## Data extracts

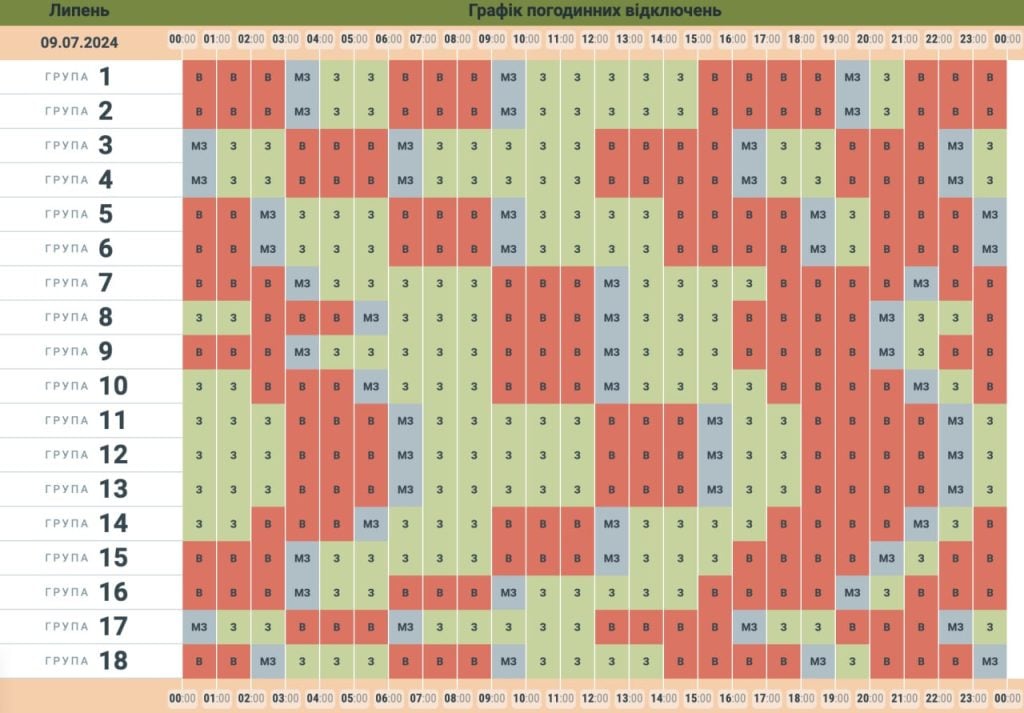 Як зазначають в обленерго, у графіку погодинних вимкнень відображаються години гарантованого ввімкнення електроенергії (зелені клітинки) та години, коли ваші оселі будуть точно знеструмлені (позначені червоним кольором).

...

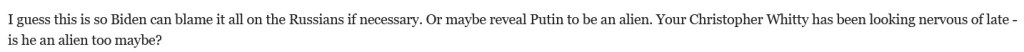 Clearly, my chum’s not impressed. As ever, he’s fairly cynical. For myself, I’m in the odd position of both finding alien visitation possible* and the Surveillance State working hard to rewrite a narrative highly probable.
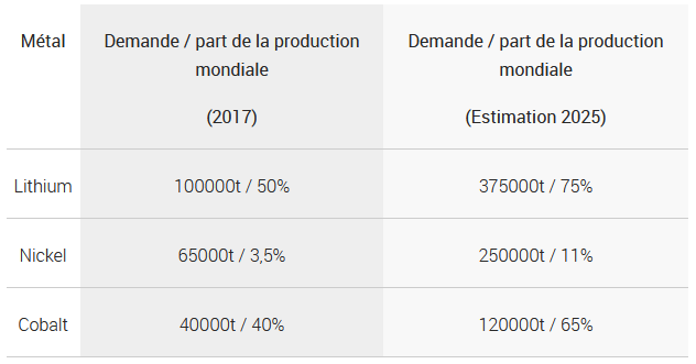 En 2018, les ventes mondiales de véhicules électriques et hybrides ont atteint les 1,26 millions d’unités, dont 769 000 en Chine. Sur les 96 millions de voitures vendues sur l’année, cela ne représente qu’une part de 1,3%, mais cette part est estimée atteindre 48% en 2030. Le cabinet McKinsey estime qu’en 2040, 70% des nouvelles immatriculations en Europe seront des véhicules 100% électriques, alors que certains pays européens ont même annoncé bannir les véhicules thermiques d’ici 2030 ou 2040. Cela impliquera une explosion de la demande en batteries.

...

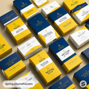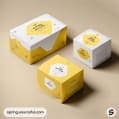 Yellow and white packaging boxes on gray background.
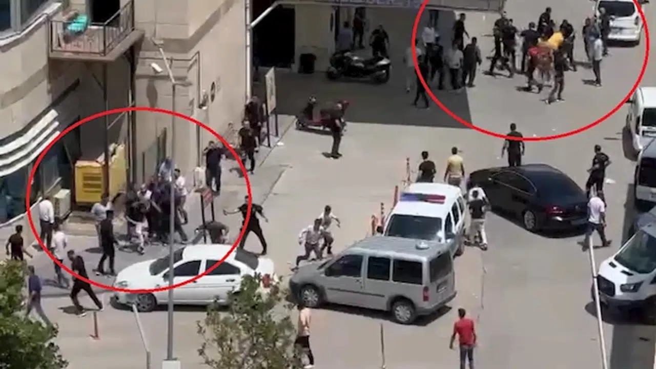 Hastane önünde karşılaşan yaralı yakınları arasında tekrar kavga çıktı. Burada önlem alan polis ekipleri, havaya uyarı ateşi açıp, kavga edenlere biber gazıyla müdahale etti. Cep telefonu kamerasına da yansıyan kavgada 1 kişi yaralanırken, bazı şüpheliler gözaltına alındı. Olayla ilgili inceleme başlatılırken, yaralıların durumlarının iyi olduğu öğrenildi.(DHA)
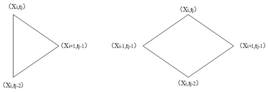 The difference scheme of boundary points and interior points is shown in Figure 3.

## Task description
Going by the data above, give back only the lines from the one containing "Hastane önünde karşılaşan" through the one containing "The difference scheme", exactly as they stand, both ends included and no images.

## Response for this exercise
 Hastane önünde karşılaşan yaralı yakınları arasında tekrar kavga çıktı. Burada önlem alan polis ekipleri, havaya uyarı ateşi açıp, kavga edenlere biber gazıyla müdahale etti. Cep telefonu kamerasına da yansıyan kavgada 1 kişi yaralanırken, bazı şüpheliler gözaltına alındı. Olayla ilgili inceleme başlatılırken, yaralıların durumlarının iyi olduğu öğrenildi.(DHA)
 The difference scheme of boundary points and interior points is shown in Figure 3.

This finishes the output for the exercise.